§ **Task brief**: Pictures do not belong in your copy. Repeat all the other data exactly.

§ **Collected data**:

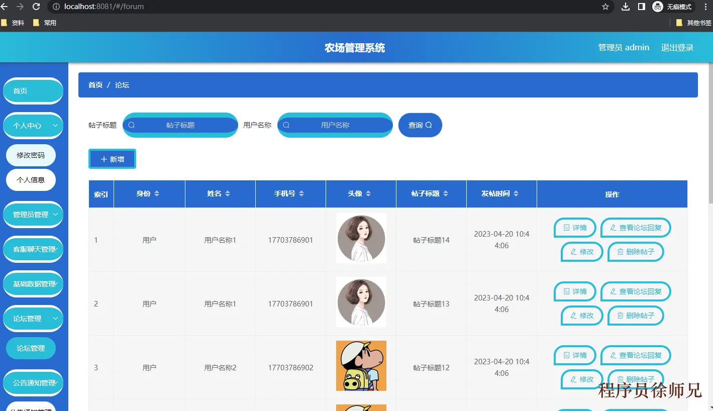 如图4.4显示的就是论坛信息管理页面,此页面提供给管理员的功能有:根据论坛信息进行新增、修改、查询操作等等。
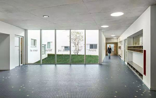 學(xué)校的一層是一個幼兒園和一個學(xué)齡前兒童的活動場地,其他兩層是小學(xué),操場位于幼兒園的屋頂。較大一點的兒童可以直接從屋頂操場到達地面,不用穿過幼兒園區(qū)域。
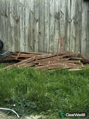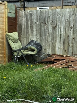 Garden lounge chair and a pile of wood.
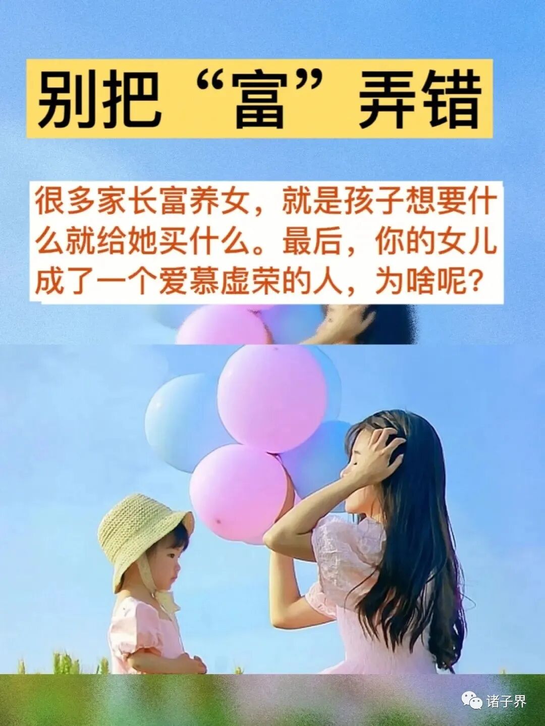 从另一个角度来说,除了给予较好的物质条件外,更需要开阔女孩的视野与见识。富也是“丰富”的意思。懂得美,懂得欣赏,懂得辨别,也就懂得了自我保护,而不会被外界的种种所诱惑。

§ **Your response**:
 如图4.4显示的就是论坛信息管理页面,此页面提供给管理员的功能有:根据论坛信息进行新增、修改、查询操作等等。
 學(xué)校的一層是一個幼兒園和一個學(xué)齡前兒童的活動場地,其他兩層是小學(xué),操場位于幼兒園的屋頂。較大一點的兒童可以直接從屋頂操場到達地面,不用穿過幼兒園區(qū)域。
 Garden lounge chair and a pile of wood.
 从另一个角度来说,除了给予较好的物质条件外,更需要开阔女孩的视野与见识。富也是“丰富”的意思。懂得美,懂得欣赏,懂得辨别,也就懂得了自我保护,而不会被外界的种种所诱惑。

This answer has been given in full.